Gilbert Rozon n'est plus président du festival Juste pour rire, mais il n'est jamais très loin du siège qu'il a occupé pendant 25 ans.

On a davantage de chances désormais de le retrouver dans un avion vers Paris ou Édimbourg que dans les quartiers généraux montréalais de Juste pour rire. Depuis mars, Rozon porte le titre de président du Conseil et chef de la direction de Juste pour rire. «J'aurais aimé laisser la présidence du festival avant, confiait-il récemment à La Presse, d'une chambre d'hôtel en Allemagne. Mais il fallait trouver la bonne personne et je voulais livrer mon 25e (l'an dernier).»

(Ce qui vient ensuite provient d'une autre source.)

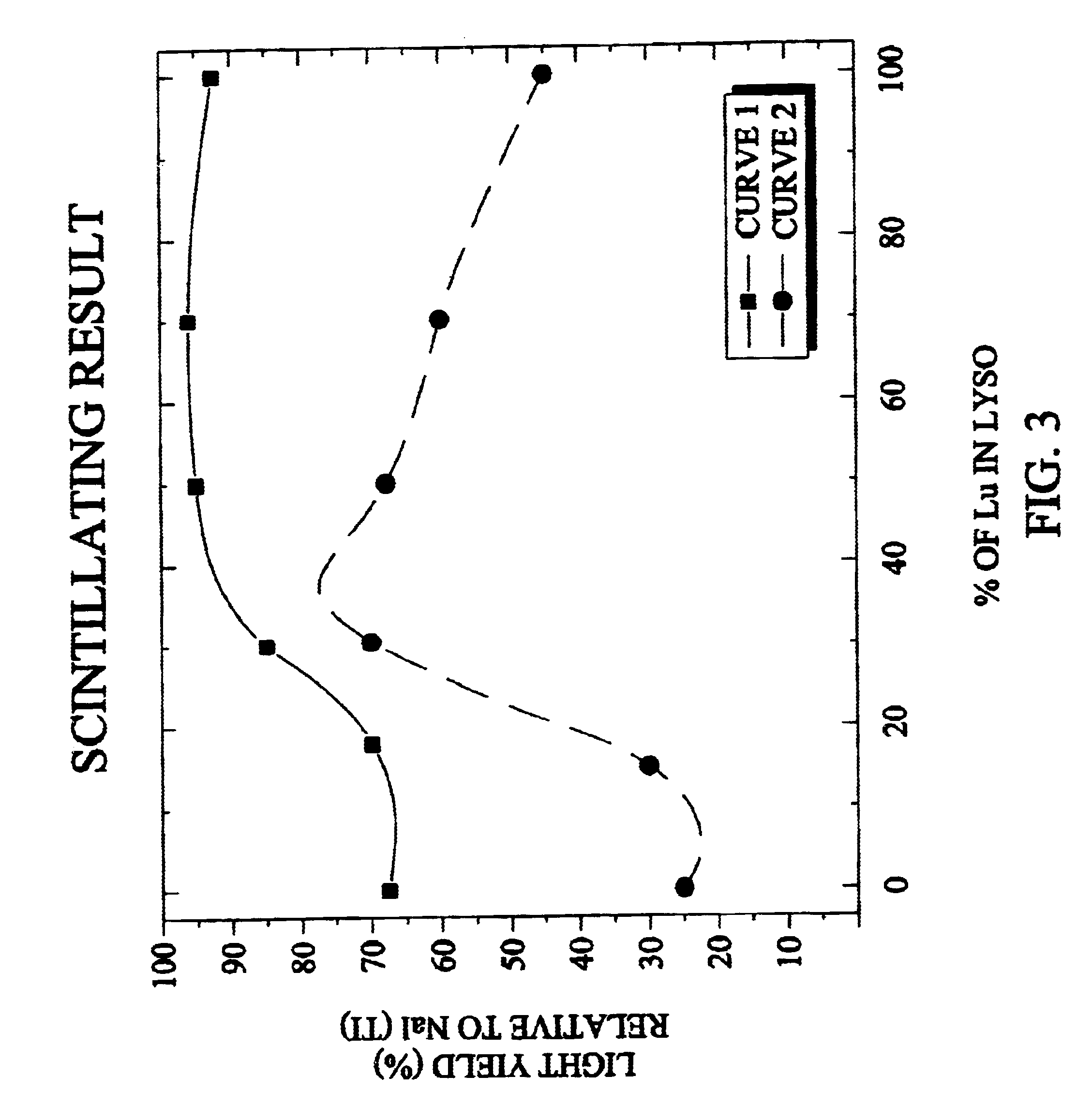 This application claims priority based on U.S. Provisional Application Serial No. 60/120,500 filed Feb. 18, 1999. This invention relates to a single crystal as scintillating detector for gamma ray or similar high energy radiation which single crystal is composed of Cerium doped Lutetium Yttrium orthosilicate (LYSO) with the general composition of Ce2x(Lu1−yYy)2(1−x)SiO5where x=0.00001 to 0.05 and y=0.0001 to 0.9999. There are a number of ways to detect high energy radiation. Some of the equipment can be quite bulky, such as a cloud chamber, others may not be as sensitive or quantitative. Scintillator is a very simple but also very accurate method to detect high energy radiation such as x-rays, gamma-rays, high energy particles exceeding a few kilo-electron-volts (KeV) in energy. When high energy radiation strikes on a scintillating crystal, it creates a large number of electron-hole pairs inside the crystal. Recombination of these electron-hole pairs will release energy in the range of a few eV. This energy can be emitted directly from the recombination center as light or transferred to a light emitting ion center which then emits a specific wavelength of light. This low energy emission can then be detected by a photomultiplier tube, avalanche photo diode (APD) or other detector systems with sufficient sensitivity. The higher the light emission (or light yield), the easier for the detector design. A The first scintillating crystal is calcium tungstate (CaWo4) which was used before the turn of this century to detect x-rays. The most significant discovery of a scintillating crystal is Thallium-activated sodium iodide NaI(Tl)) in the mid-40's. Even now, it is still the most widely used scintillating crystal. This is because large size crystals are readily available and quite inexpensive. Moreover, the light yield is the highest among all the known materials and is still the benchmark standard for all other scintillator crystals even after all these years. Even though NaI(Tl)) is widely used, it is not without problems. It is hygroscopic and very soft. Moreover, the density is too low (37 g/cm3), the effective mass number (Zeef) of 49 is also too small. It has a large and persistent after glow which interferes with the intensity counting system. Finally, the decay time about of 230 nanoseconds (ns) is too slow for many applications. Since the turn of this century, a large number of crystals have been proposed for potential scintillating applications. Even though they do show scintillating properties, none of them has all the right properties. The common problems are low light yield, physical weakness and difficult to produce large size high quality single crystals. Despite the problems, a number of them have found applications in physics, chemistry, geology and medicine. One common feature of all these usable crystals is that they are the only crystals which can be produced in large size and high quality by an industrial manufacturing process with reasonable cost. This common feature has proven to be the most important factor, more so than the details of scintillating properties, to be considered as a viable scintillator material. The specific examples include bismuth germanate ((BGO) which is Bi4Ge3O12), cerium doped gadolinium orthosilicate ((GSO) which is Gd2SiO5) and cerium doped lutetium orthosilicate ((LSO) which Lu2SiO5). BGO was found in the early 70's. It has higher density (7.13 g/cm3), and is non-hygroscopic. But it also has problems such as low light yield (15% that of NaI(Tl)), slow decay time (300 ns) and high refractive indices (n=2.15) which results in light loss due to internal reflection. Still BGO scintillator crystals are now used in high energy calorimetry in particle physics research Institutes. It is also used as the detector for the 511 keV gamma-ray radiation of the positron emission tomographs (PET) in medical imaging application. Because of the low light and slow decay, the image produced from the BGO PET machine tends to be blurred with poor resolution. In early 80's, the Ce doped GSO crystal was disclosed as a scintillator material. It has adequate density (6.71 g/cm3) and is also non-hydrogroscopic. The light yield is 20% of that obtained with NaI(Tl) with a much faster decay time (60 ns). Even though GSO crystals over 80 mm diameter have been produced, the crystal has not yet made in the PET marker because of a strong cleavage plane. It is very difficult to cut and polishing the crystal into any specific shape without the risk of fracturing of the entire crystal. Another unexpected problem is the high thermal neutron capture cross-section (49,000 barns) of the gadolinium. It will interfere with the gamma rays generated by neutron irradiation source. However, since there is no neutron involved in the PET process, gadolinium containing GSO is not a problem. In the late 80's, the Ce doped LSO crystal was disclosed as a good scintillator material. Similar to GSO, it has high density (7.4 g/cm3) and is non-hygroscopic. The light yield is significantly better and close to 75% that of NaI(Tl)) and the decay time is even faster (42 ns). The index of refraction is also very low (n=1.82). Moreover, since LSO has a totally different crystal structure from GSO, it is fortuitous that in LSO structure, there is not any distinct cleavage plane making the material more suitable for detector block fabrication without the serious risk of fracturing. The thermal neutron capture cross-section is very low (84 barns) as compared to GSO. Lastly, it is now possible to commercially produce high quality, large size single crystals of LSO. Compared with all the other existing known scintillator crystals, Ce doped LSO seems to have the best combination of all the needed properties for PET or other high energy gamma-ray detector application. Unfortunately, the lutetium element of the crystal contains a trace amount of a natural long decay radioactive isotope, Lu176, which will provide

Alain Cousineau, cofondateur du festival, assure la présidence depuis le printemps. «Avant de partir, il fallait trouver le bon président, explique Rozon. Alain est heureux. Il offre la constance. Moi, j'étais toujours parti.»

Gilbert Rozon a aujourd'hui tout le temps qu'il faut pour courtiser des dirigeants et administrateurs des villes du monde entier. De piloter des projets d'expansion à Londres, Nantes, Toronto et où encore. Et si Montréal devenait moins une priorité? «Pour l'instant, Montréal reste le vaisseau amiral. On a la capacité de créer ici des spectacles qui vont circuler. Le show de Florence Foresti (NDLR: l'humoriste française animera deux galas pendant le festival Juste pour rire), par exemple, a été créé à Nantes. On est content que le Cirque du Soleil parte de chez nous et fasse le tour du monde. On veut la même chose. Je reste un amoureux de ma ville.»

La Comédie-Française

Il y a quelques mois, Gilbert Rozon a marqué un dernier grand coup avant de quitter la présidence du festival: faire venir la Comédie-Française à Montréal, le temps de 15 représentations du Malade imaginaire de Molière, pendant le festival Juste pour rire (du 11 au 20 juillet). Un rêve qu'il caresse depuis 15 ans. «Je me suis attaqué à ça il y a longtemps, confirme Rozon. Mais à nos premières années, Juste pour rire avait une image d'humour très forte. Avec le temps, on a élargi le vocabulaire. Les journaux ont façonné notre image également. Ces 10-15 dernières années, j'ai mis plus d'efforts. J'ai rencontré les directeurs précédents de la Comédie-Française. J'ai accepté de me faire «rabrouer», même si j'ai toujours été bien reçu. Mais dès que Muriel Mayette a été nommée présidente, je me suis documenté sur elle. Elle est très ouverte d'esprit.»

Le buste de Molière qui trône dans le bureau de Juste pour rire à Montréal de Rozon fait état de tout l'amour qu'il porte à l'institution vieille de 328 ans. «J'aime les institutions. C'est vrai! lance Rozon. J'aime les choses qui durent. La Comédie-Française a été fondée sous Louis XIV. Il y a toute une mystique autour de ça. Au premier voyage que j'ai fait à Paris en 1974, je suis tout de suite allé à la Comédie-Française. Depuis les années 90, c'est explosif. Les représentations sont toujours à guichet fermé. L'élite autant que le grand public y assistent. La Comédie-Française est un lieu de création important.»

Gilbert Rozon n'a pas hésité à vider les coffres de Juste pour rire pour accueillir la prestigieuse troupe. «C'est une grosse opération, dit-il. On sait qu'on va perdre de l'argent. Ça coûte plusieurs centaines de milliers de dollars, voire près du million, mais c'est un coup d'éclat. C'est un privilège du président!»